On June 10, 2003, DOE and other federal agencies received White House "Closing the Circle" awards for their outstanding environmental stewardship. Twenty-six teams were honored for oustanding military and civilian facility efforts in such categories as environmental management systems, education and outreach, purchase of environmentally preferable and bio-based products, sustainable design for buildlings, waste and pollution prevention, and recycling. This ninth annual White House ceremony was held in the Eisenhower Executive Office Building in Washington, DC.

John L. Howard, Jr., the Federal Environmental Executive, noted: "The Closing the Circle award winners have demonstrated that the Federal government can lead by example. We're proud of all that they're doing to improve the quality of life in each of their communities."

In the category of Education and Outreach, the Federal Network for Sustainability (FNC) was recognized for working to promote environmental stewardship in the federal government. The four agencies accepting the award for the FNS were the Department of Energy, Navy, Environmental Protection Agency, and the National Park Service. The FNS is an alliance of 13 West Coast federal agencies who share staff, authorities, and experience to collectively reduce waste, pollution, and energy consumption. The principal goal of the Network is to use the consumer power of the federal government to promote sustainable practices. In 2002, they focused their efforts on promoting use of 100 percent recycled content copier paper, Environmental Management Systems, electronics equipment disposal, and green power purchases.
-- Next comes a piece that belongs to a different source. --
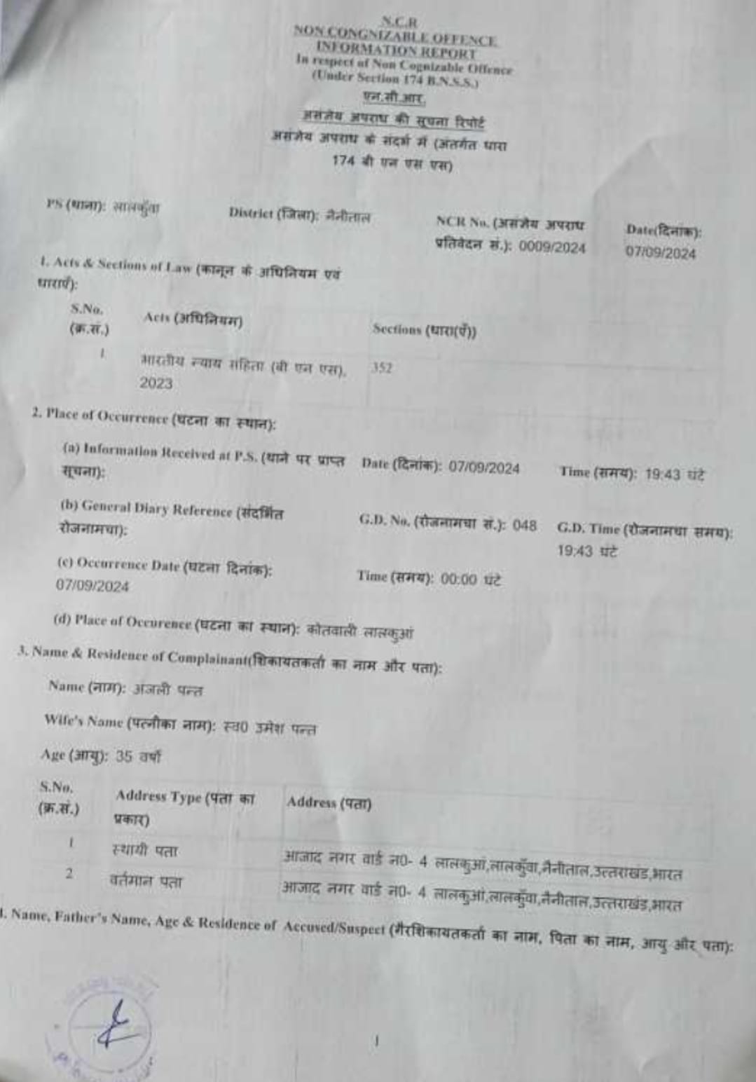 इस घटना से अंजली पंत बेहद आहत हुईं और उन्होंने इसे मानसिक उत्पीड़न का मामला बताया।अंजली पंत ने घटना के तुरंत बाद कोतवाली लालकुआं में एफ.आई.आर. दर्ज कराने की तहरीर दी। उन्होंने हिमांशु जोशी, रमेश जोशी और उनके अन्य अज्ञात साथियों के खिलाफ कानूनी कार्रवाई की मांग की है, ताकि भविष्य में ऐसी घटनाओं की पुनरावृत्ति न हो। इस मामले में पुलिस ने महिला पत्रकार अंजलि की तहरीर पर मुकदमा पंजीकृत कर लिया है।
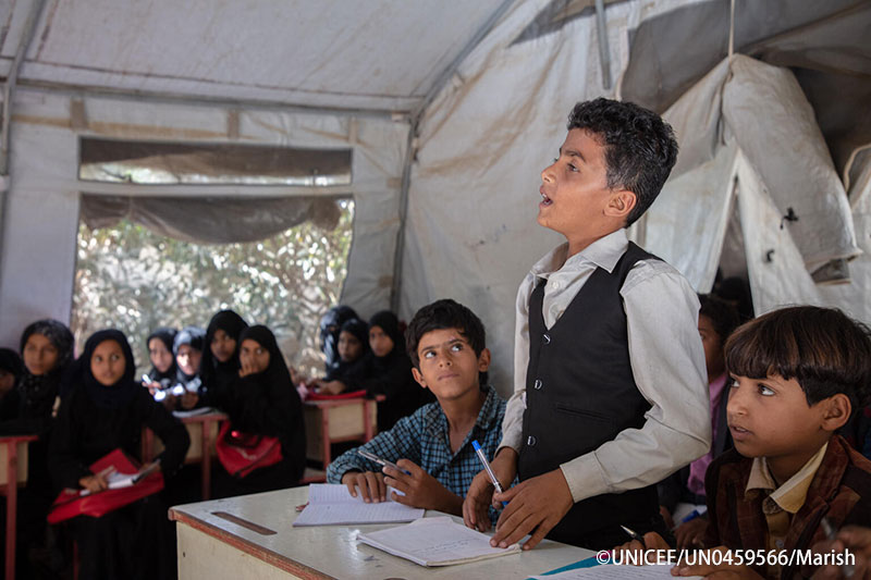 2015年3月に内戦が激化し、長期間にわたって紛争が続くイエメンで避難生活を送るアフメドくん(12歳)は、爆撃で破壊された学校に通っています。「今も学校に行くことはこわいけど、自分の夢をかなえるために勉強を続けている」と話します。

DOE's Sandia National Laboratories also was honored at the ceremony. The Model Validation and Systems Certification Project represented the Lab's first attempt to incorporate sustainability into a local major construction project, and received an award for Sustainable Design/Green Buildings. The project requirements and the design and construction processes included sustainable design features based on the U.S. Green Building Council's Leadership in Energy and Environmental Design" rating system. The model validation project was constructed by renovating an existing facility at the lab. In particular, the sustainable design specifications addressed site considerations, the building envelope, energy efficiency, indoor air quality, safeguarding water, procurement of recycled content items, and recycling of construction material. The process developed during the model validation has become a standard for other Sandia projects, with eight more buildings at Sandia now being evaluated using the same process.